LRGASP / lrgasp-submissions

Definition and validators for LRGASP submissions
MIT License
8 stars 2 forks source link

unused reads in read-to-model map file format #33

Closed julienlag closed 3 years ago

julienlag commented 3 years ago

In https://github.com/LRGASP/lrgasp-submissions/blob/a0d90276c682e007152b586a154be0fa4f0105dc/docs/read_model_map_format.md: "If a read is not used to generate any transcript model, it may be shown in its second column a *. However, we should check if all the read IDs present in the initial FASTQ file are included or not in this read-model file." I find this formulation rather ambiguous. It is not totally clear if unused read IDs are required in the TSV file, or not. I personally don't think they should, given that (1) their usefulness is not obvious to me, (2) in some pipelines the original reads undergo many filtering steps before being subjected to the final merging algorithm, hence it may be discouraging for participants to recover the IDs of reads that were filtered out far upstream.

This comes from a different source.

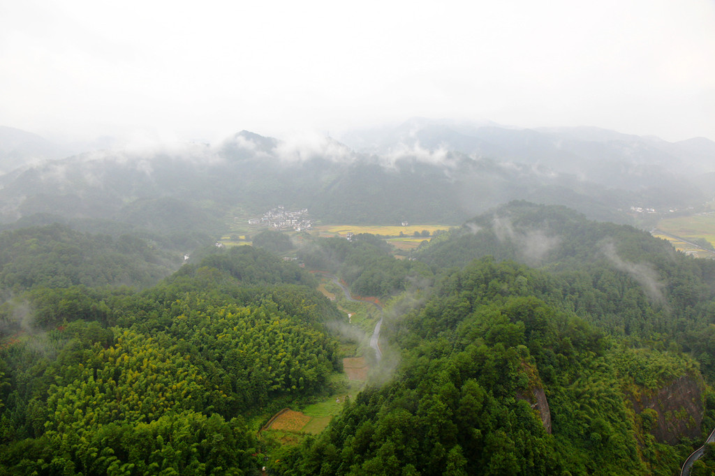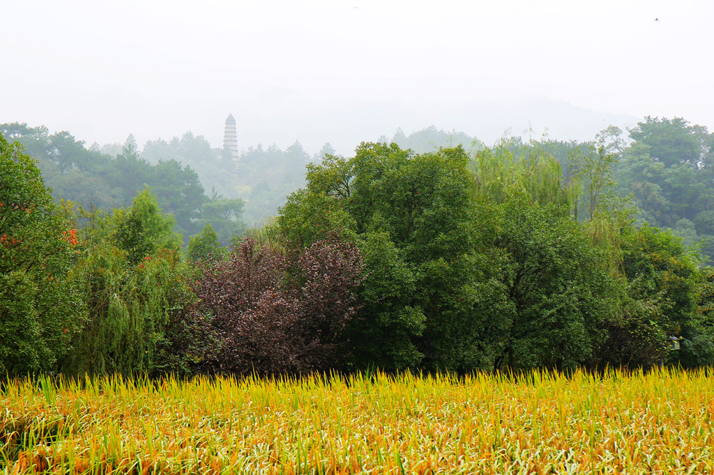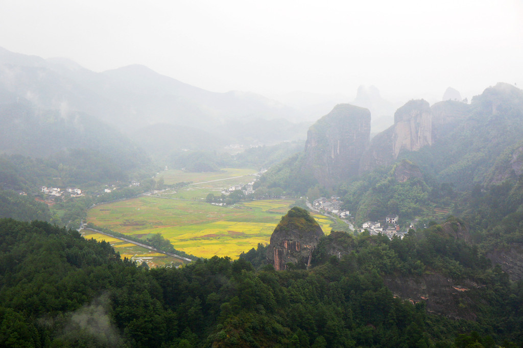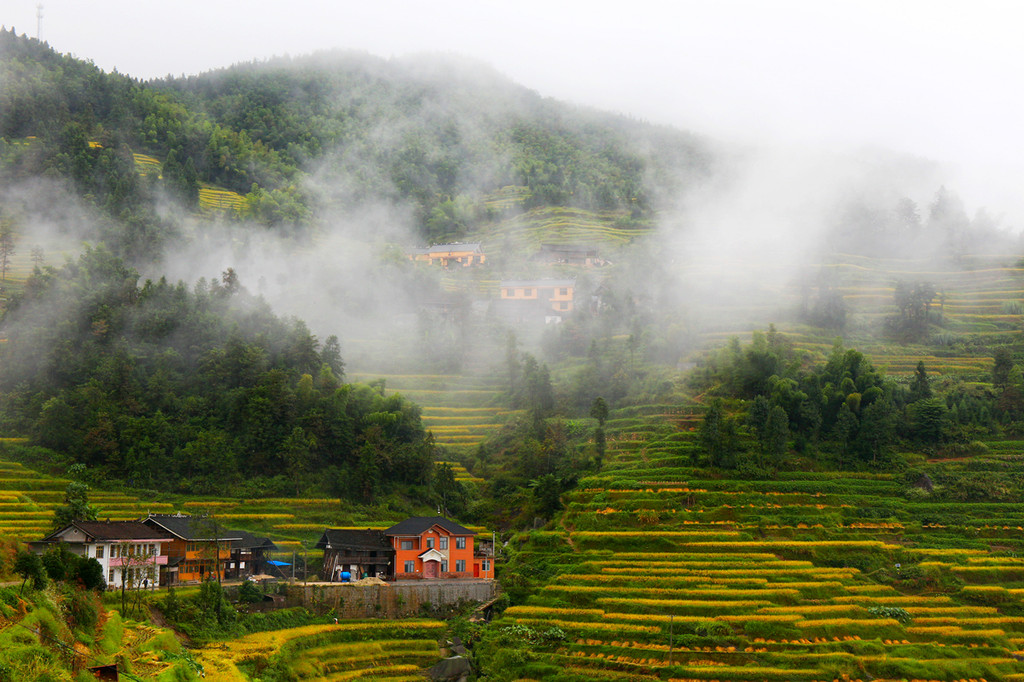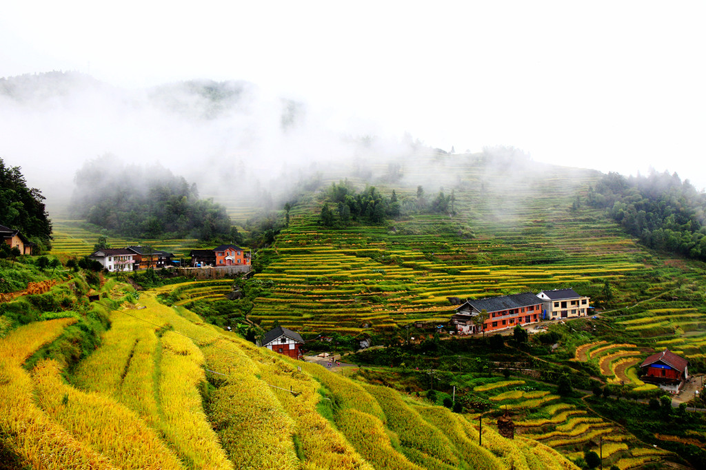 从紫鹊界景区大门验票后,我们开车一路爬坡,来到了月牙山观景台。临近傍晚,天色微暗,周围雾气蒙蒙,细雨霏霏。站在观景台上极目远眺,远处迷茫一片,俯瞰近处身下,如弯月似长带的梯田影影绰绰,变化万千,满眼望去金黄一片,据说梯田最美的时间是4、5月灌水插秧的时节和9、10月稻穗成熟的时候,我们来的正是时候。

diekhans commented 3 years ago

thanks Julien, agree this is not well documented or useful. It is also not enforced by validate. Chanced text to:

"If a read is not used to generate any transcript model it may be omitted or have its transcript_id column specified as *."

Julien Lagarde @.***> writes:

In https://github.com/LRGASP/lrgasp-submissions/blob/a0d90276c682e007152b586a154be0fa4f0105dc/docs/read_model_map_format.md: "If a read is not used to generate any transcript model, it may be shown in its second column a *. However, we should check if all the read IDs present in the initial FASTQ file are included or not in this read-model file." I find this formulation rather ambiguous. It is not totally clear if unused read IDs are required in the TSV file, or not. I personally don't think they should, given that (1) their usefulness is not obvious to me, (2) in some pipelines the original reads undergo many filtering steps before being subjected to the final merging algorithm, hence it may be discouraging for participants to recover the IDs of reads that were filtered out far upstream.